Потапов отдернул руку с бинтом, смоченным в том же коньяке, от раны, которую только что обтер с обеих сторон.
– Да.
Ну, начали. Раневой канал за прошедшее время забился сгустками запекшейся крови и сжался под действием воспалившихся тканей. С первого раза шомпол удалось ввести не более чем на сантиметр, после чего раненый замычал, вцепившись в положенные вдоль тела слеги, кисти рук побелели, а глаза начали вылезать из орбит. Блин, и это только начало.
– Терпи, Миша, терпи. Извини, но дальше будет хуже.
Мучил я его минут двадцать, думал, сознание потеряет или сердце не выдержит болевого шока, но ничего, справились. Вероятно, слишком рано начали, так что коньяк не успел подействовать, а может, человек способен привыкнуть даже к мукам. В конце, когда уже удалось окончательно запихнуть в канал пропитанный антисептиком бинт, Фролов выплюнул почти перегрызенную на три части ветку и разразился таким матом, что осталось порадоваться отсутствию у нас икон, потому как выносить их было некуда – лес кругом.
– …твою ж мать! – Михаил закончил и откинулся на сложенный под спиной лапник. – Это все?

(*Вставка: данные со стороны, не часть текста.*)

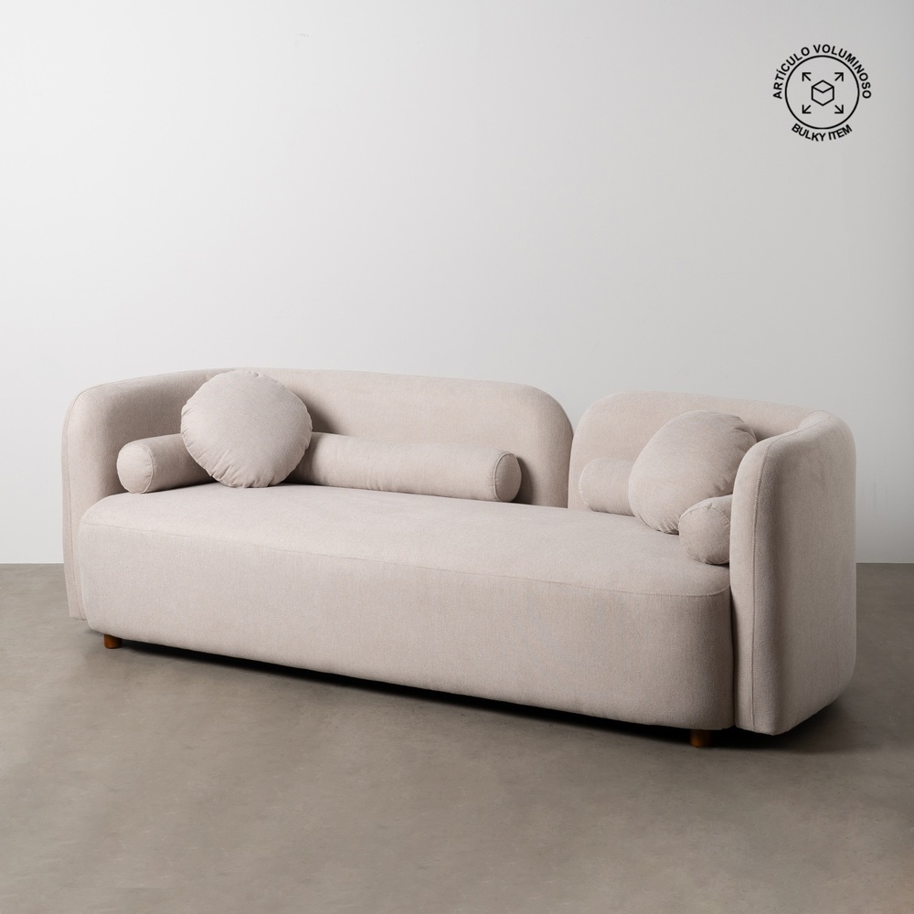 SOFÁ 3 PLAZAS BEIGE TEJIDO-MADERA 223 X 88 X 72 CM IXIA

– Ну как тебе сказать, пока да.
– Что значит пока?
– Ты думаешь, оставленный в ране бинт это нормально? Придется вынимать. Позже.
– …мать твою!
– Потапов, перевязывай, я все, выдохся.
Это были последние слова, после которых наступила долгожданная темнота.
* * *– Косой, оставь малька.
– Ты чего, Бес, это же шлюхин сыночек. Ты чего, теперь за всех заступаться будешь? Они же жируют, жрут конфеты, что им их матери-проститутки тащат. Ты-то знаешь, чем те на конфеты зарабатывают…
– Вот и отдай.
– Ну, ты, Бес… ты не прав. Пацаны тебе этого не спустят.
– С пацанами я сам разберусь.
– Ага, разберешься. Будет тебе темная ночью.
– Поглядим, по крайней мере буду знать, кого утром башкой в толчок засунуть.
– Ты че? Я-то при чем?
– Крайним будешь, а теперь брысь, гондон.
Паренек лет двенадцати-тринадцати, сунув руки в карманы, двинулся в глубь то ли неухоженного парка, то ли редкого лиственного леса, второй, лет восьми, остался стоять, сжимая в руках горсть дешевых конфет. В глазах малыша застыли обида и злость, а еще от него пованивало мочой, да и пятно на штанах выдавало степень пережитого испуга.
– Она не проститутка, – малой всхлипнул. – Так получилось. Мой папа был космонавтом и погиб, а ее заставили меня сюда отдать. Она хорошая. Бес, она правда хорошая.
– Конечно, – слушать обоссавшегося малька не хочется. Сколько уже наслушался таких историй про космонавтов и летчиков-испытателей. А вот матерей, сдающих детей в детдом, ненавидеть не получается. Ведь некоторые еще и приходят, несут дешевые гостинцы, делая жизнь пацанов и девчонок невыносимой – тех презирают настоящие сироты, по крайней мере те, к кому никто не приходит, и не просто презирают, а всячески измываются. – Беги, только вымыться не забудь.